On Saturdays, live jazz enhances the atmosphere, mingling with the sounds of cooking and tinkling glasses raised in celebration. Sommeliers and bartenders pair the dishes with local and imported wines, beers, and cocktails, though patrons can also bring their own wine or steal sips from their child's juice box. In an effort to outsmart dietary restrictions and expose all palates to Italy’s culinary traditions, chefs can make their dough or pasta gluten-free upon request.
Inspired by the Rideau Canal locks, Coasters Gourmet Grill serves up fresh seafood and steaks in a welcoming space overlooking historic ByWard Market. Upbeat music plays as diners relax and peruse the menu, warming their hands next to fireplaces that radiate heat off the exposed-brick walls. From fish ‘n’ chips and Cajun tuna tacos to certified-Angus burgers, the granite tables brim with casual, comforting dishes. The restaurant’s signature all-you-can-eat mussels have been a staple for more than 30 years, leaving diners with plenty of shells to collate into a fashionable necklace. The surf or turf plates pair well with signature cocktails, wine, and a variety of local and imported beers. Guests can catch live local music Thursday through Saturday nights, or perform on their own on Wednesdays for karaoke night.

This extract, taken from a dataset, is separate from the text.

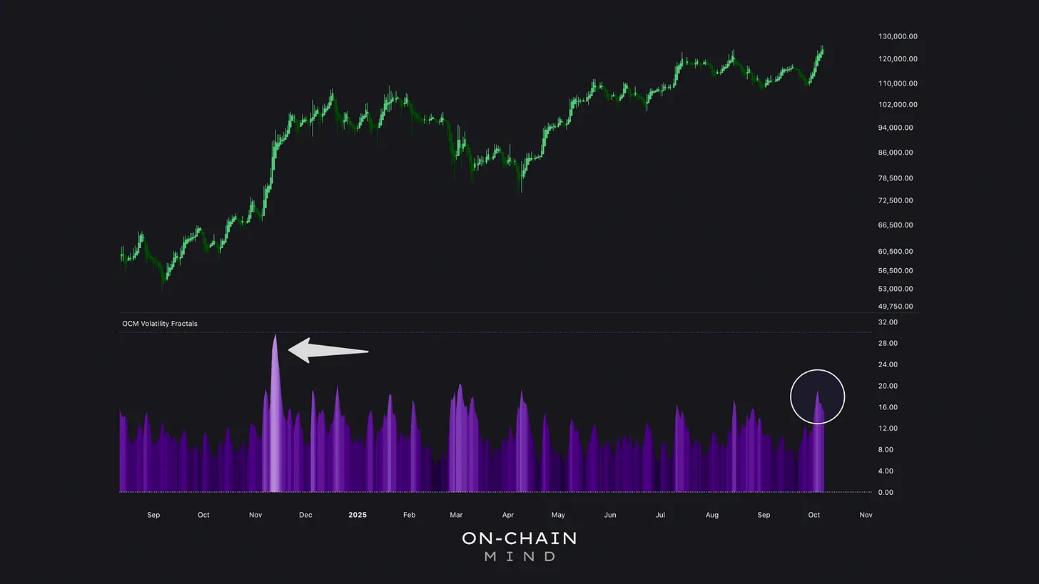 Recently, the metric spiked near the 20 mark during the latest rally, signalling that the market is finally waking up. Historically, when volatility fractals enter the 30s, it often precedes explosive upside — the kind of momentum that propels Bitcoin into its runaway phases.
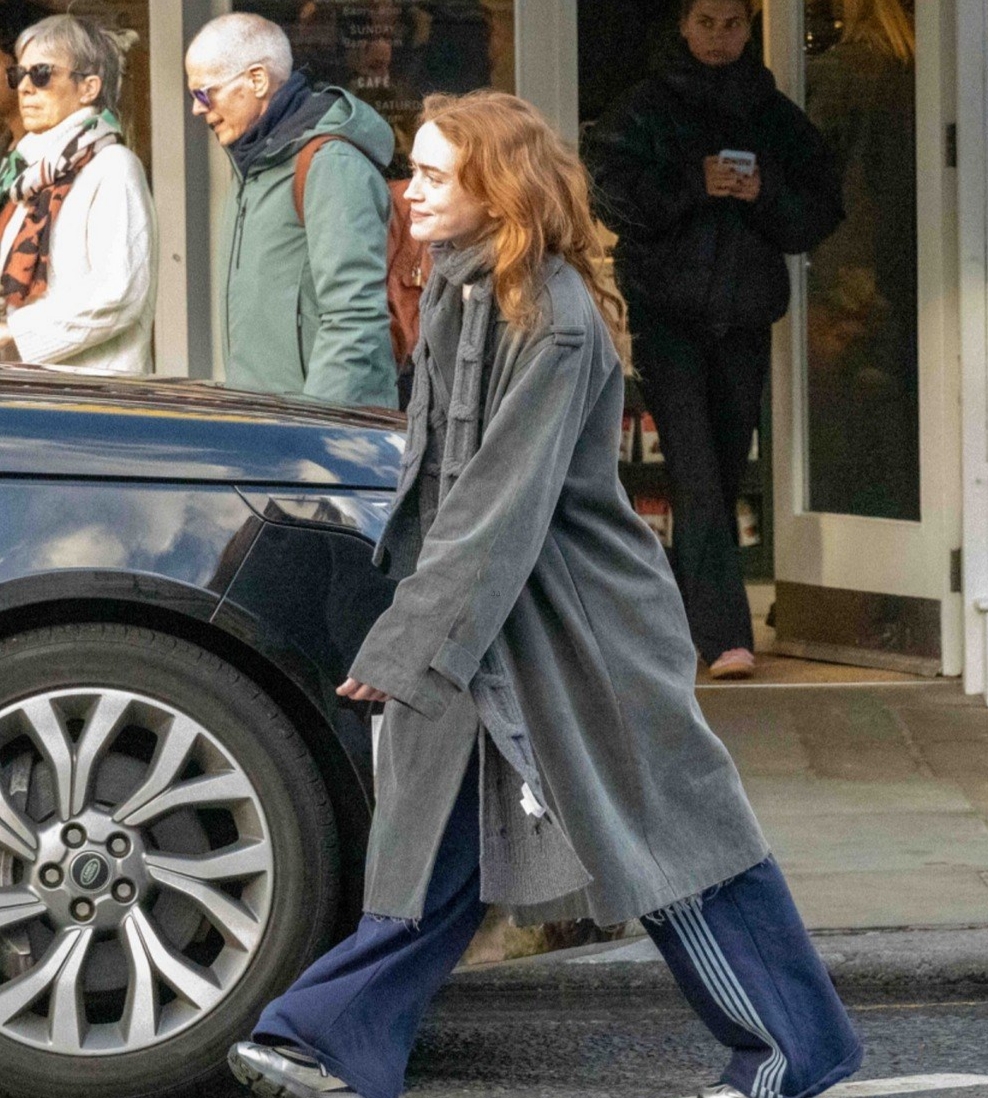 A estrela de Stranger Things, de 23 anos, foi vista procurando por seu motorista após sair de um supermercado em Notting Hill com uma grande sacola de compras no sábado (31 de janeiro), pois parecia que ele estava atrasado ou desaparecido.

Since 1999, the culinary team at Biagio's Italian Kitchen has strived to stay true to its founding "al momento" cooking philosophy by prepping each authentic dish on its menu to order. Angus steaks and veal dishes in delicate sauces float out of the chef’s quarters alongside pastas saturated in a choice of three sauces and packed with grilled chicken, shrimp, or spicy sausage.

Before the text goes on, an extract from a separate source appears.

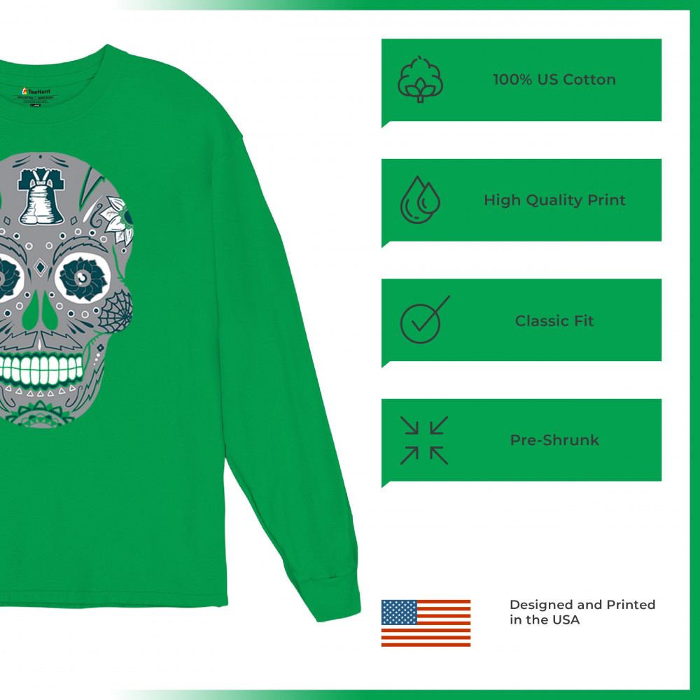 Philly meets tradition in this Sugar Skull design, mixing calavera art with the iconic liberty bell and marigold flowers. Perfect for Philly sports culture, fantasy league energy, or game day skull vibes, it captures Philly gothic art and fan zone spirit. A unique way to honor Dia de los Muertos while showing local Philadelphia pride and heritage in bold style.
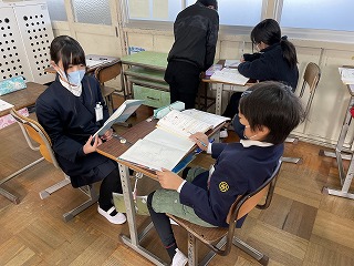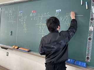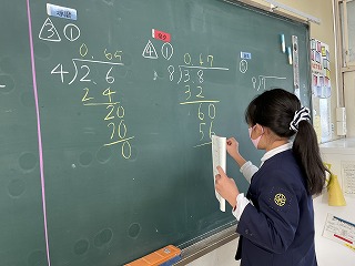 4年生は算数の授業で「小数のかけ算やわり算」の学習をしています。割り切れる割り算の学習では、整数と同じように計算することができましたが、割り切れない場合や割り進む場合の学習になると、思うように問題を解けない様子が見られてきました。そのような場面で、早く問題を解き終えた子はミニ先生になり、困っている友達を助ける姿が見られました。クラスの皆で一生懸命に練習問題に取り組むことができました。

A half wall weaves through the main dining room, just like the larger one that divides Italy’s vegetarians and carnivores, splitting feasting quarters between a larger area filled with tables and booths and semi-private section that accommodates up to 40 guests. The savvy Biagio's Italian Kitchen staffers assist patrons in planning and catering business or social events within its private dining rooms, banquet room, front room, or outdoor patio.
At Jean Albert’s American Style Soul Food, the sauce makes the meal. Which is why the chefs don’t just lay their housemade hot sauces and six styles of barbecue sauce on the side—they offer to bake it right in. From the sweet-and-tangy berry-rum barbecue sauce to those infused with tequila or whisky, the condiments add extra oomph to the fried catfish, classic pulled-pork sandwiches, and chicken-and-biscuit dishes that serve as staples of soulful fare everywhere. Served with a slice of sweet-water cornbread and a choice of traditional sides, the hefty portions evoke an air of Kentucky living without requiring the purchase of your own tobacco farm. Meals culminate with classic desserts such as sweet-potato pie, peach cobbler, and layered banana pudding.
At Pelican Fishery & Grill, “the walls serve as a gallery for humorous shots of the owner[s], [their families] and the rest of the staff posing with seafood,” according to the Rachelle Eats Food blog, but the staff is serious about sustainably sourced fresh seafood. That’s why they stock the icy shelves of their fishery and the sizzling plates of their eatery with wild fish delivered in four shipments throughout the day. Lobster, mussels, scallops, and fish serve as the centrepieces of both gluten-free and standard menu items that can also be eaten at home or in the 3-D infospace inside your computer, thanks to the store section of Pelican Fishery.
Piccolino translates from Italian as "very little one." In this case, piccolino refers to the quaint vintage villa that houses the rustic Il Piccolino Ristorante. Grape vines wind around the sun-drenched patio framed by trellises that leads to an interior of stucco-textured walls offsetting leather chairs and paisley-print tablecloths. This homespun, Old-World ambiance reinforces a menu of made-to-order Italian comfort food. Chefs stuff manicotti with ricotta and blanket gnocchi in gorgonzola cream sauce. They also adorn pizzas with ingredients such as tiger shrimp, italian sausage, and chili-marinated eggplant for a take on Italian that is both familiar and surprising.